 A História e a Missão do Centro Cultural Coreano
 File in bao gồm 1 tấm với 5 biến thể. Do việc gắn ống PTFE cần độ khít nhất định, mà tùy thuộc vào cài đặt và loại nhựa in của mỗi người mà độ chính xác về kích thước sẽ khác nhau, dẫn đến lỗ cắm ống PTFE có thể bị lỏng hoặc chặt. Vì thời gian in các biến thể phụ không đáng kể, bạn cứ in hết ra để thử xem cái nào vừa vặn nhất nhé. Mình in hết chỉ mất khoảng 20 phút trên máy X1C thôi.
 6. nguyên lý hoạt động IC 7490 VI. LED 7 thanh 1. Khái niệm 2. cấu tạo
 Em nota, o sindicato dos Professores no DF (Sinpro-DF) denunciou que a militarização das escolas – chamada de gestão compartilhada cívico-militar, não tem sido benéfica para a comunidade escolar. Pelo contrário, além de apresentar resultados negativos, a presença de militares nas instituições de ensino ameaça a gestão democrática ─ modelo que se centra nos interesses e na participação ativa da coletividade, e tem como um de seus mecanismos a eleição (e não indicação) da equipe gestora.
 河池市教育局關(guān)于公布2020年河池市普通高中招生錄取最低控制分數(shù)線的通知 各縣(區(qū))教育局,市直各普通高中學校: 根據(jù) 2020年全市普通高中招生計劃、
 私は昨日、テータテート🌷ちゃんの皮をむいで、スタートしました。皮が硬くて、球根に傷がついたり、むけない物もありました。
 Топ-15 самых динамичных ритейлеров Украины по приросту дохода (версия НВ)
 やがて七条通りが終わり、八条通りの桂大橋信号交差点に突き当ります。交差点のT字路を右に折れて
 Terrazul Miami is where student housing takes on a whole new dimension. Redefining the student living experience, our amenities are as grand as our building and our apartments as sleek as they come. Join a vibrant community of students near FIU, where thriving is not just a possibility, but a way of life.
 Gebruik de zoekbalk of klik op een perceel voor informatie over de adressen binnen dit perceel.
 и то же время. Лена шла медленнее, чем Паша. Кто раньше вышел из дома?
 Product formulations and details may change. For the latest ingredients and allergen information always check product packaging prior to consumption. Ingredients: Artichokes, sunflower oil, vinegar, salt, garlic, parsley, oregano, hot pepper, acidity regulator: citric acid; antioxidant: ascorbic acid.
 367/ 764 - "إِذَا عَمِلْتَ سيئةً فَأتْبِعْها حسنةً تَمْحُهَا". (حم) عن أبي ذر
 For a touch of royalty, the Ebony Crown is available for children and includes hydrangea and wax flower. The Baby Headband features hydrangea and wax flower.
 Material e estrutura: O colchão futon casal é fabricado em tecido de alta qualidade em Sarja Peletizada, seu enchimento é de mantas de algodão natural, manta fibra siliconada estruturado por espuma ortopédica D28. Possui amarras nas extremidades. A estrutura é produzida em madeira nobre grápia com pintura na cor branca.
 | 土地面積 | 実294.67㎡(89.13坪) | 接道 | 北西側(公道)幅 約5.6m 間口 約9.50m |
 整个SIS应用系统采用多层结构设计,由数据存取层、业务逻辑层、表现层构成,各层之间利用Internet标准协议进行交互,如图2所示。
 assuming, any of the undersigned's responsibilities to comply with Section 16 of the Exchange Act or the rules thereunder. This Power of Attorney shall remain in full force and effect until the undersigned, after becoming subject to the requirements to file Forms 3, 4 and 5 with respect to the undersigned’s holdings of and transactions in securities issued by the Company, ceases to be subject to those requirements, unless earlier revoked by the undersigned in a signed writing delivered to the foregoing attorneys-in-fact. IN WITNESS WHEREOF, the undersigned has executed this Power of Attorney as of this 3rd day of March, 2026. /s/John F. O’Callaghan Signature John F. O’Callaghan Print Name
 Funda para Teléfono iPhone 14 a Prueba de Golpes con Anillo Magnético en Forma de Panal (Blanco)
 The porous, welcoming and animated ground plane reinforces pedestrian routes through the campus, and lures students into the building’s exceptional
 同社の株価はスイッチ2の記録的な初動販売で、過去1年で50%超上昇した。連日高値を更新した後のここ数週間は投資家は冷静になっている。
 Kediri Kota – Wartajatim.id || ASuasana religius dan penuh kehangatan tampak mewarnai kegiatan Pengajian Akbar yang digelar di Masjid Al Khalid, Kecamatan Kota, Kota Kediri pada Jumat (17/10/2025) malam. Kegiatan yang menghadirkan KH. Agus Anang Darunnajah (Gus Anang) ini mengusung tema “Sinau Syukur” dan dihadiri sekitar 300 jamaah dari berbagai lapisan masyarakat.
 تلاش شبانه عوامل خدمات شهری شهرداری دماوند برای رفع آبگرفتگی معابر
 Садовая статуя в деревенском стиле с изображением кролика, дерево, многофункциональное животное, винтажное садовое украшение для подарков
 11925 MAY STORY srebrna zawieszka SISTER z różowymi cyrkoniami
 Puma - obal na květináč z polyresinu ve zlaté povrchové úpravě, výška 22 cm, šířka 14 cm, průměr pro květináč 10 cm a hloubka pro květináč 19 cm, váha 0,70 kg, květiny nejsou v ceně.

****************************************

# TASK PROMPT:
Copy out each line of the listing that holds the string "building".

# ANSWER SPACE:
 Terrazul Miami is where student housing takes on a whole new dimension. Redefining the student living experience, our amenities are as grand as our building and our apartments as sleek as they come. Join a vibrant community of students near FIU, where thriving is not just a possibility, but a way of life.
 The porous, welcoming and animated ground plane reinforces pedestrian routes through the campus, and lures students into the building’s exceptional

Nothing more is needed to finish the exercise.